Every line of the listing must be reproduced as it stands. Leave the images behind.

Data
_ _ _ _

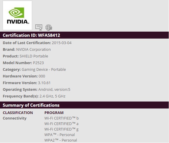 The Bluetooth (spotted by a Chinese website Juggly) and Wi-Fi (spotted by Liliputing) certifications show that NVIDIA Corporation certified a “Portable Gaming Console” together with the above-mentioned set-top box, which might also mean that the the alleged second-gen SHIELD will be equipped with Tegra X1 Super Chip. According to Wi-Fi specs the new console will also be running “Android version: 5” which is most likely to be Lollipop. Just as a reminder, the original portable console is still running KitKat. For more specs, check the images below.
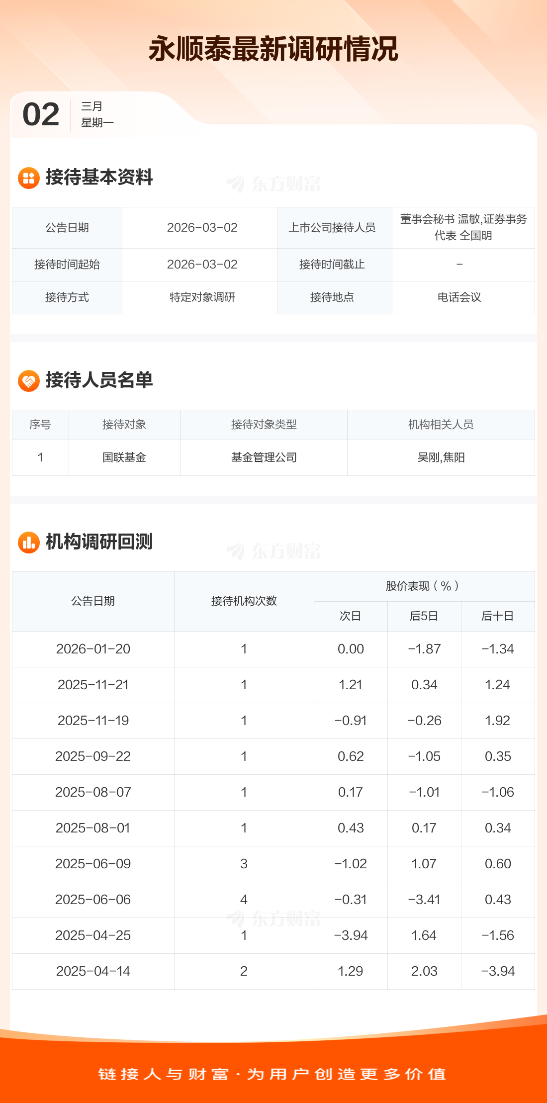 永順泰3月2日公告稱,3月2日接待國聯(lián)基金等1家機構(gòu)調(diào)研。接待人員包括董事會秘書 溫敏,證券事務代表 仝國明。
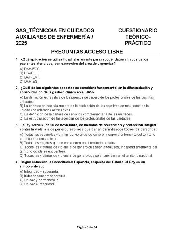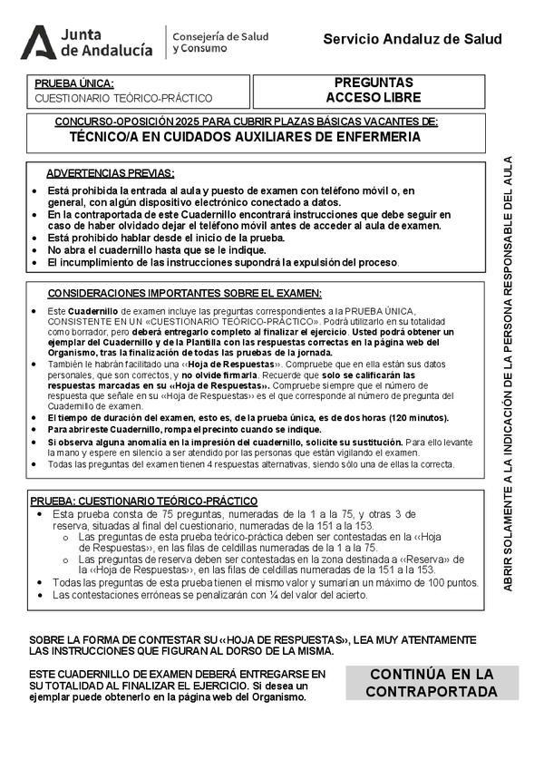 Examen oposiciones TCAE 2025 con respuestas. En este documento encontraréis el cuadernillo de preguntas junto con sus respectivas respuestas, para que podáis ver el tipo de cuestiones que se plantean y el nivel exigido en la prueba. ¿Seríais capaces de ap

_ _ _ _

Your solution
 The Bluetooth (spotted by a Chinese website Juggly) and Wi-Fi (spotted by Liliputing) certifications show that NVIDIA Corporation certified a “Portable Gaming Console” together with the above-mentioned set-top box, which might also mean that the the alleged second-gen SHIELD will be equipped with Tegra X1 Super Chip. According to Wi-Fi specs the new console will also be running “Android version: 5” which is most likely to be Lollipop. Just as a reminder, the original portable console is still running KitKat. For more specs, check the images below.
 永順泰3月2日公告稱,3月2日接待國聯(lián)基金等1家機構(gòu)調(diào)研。接待人員包括董事會秘書 溫敏,證券事務代表 仝國明。
 Examen oposiciones TCAE 2025 con respuestas. En este documento encontraréis el cuadernillo de preguntas junto con sus respectivas respuestas, para que podáis ver el tipo de cuestiones que se plantean y el nivel exigido en la prueba. ¿Seríais capaces de ap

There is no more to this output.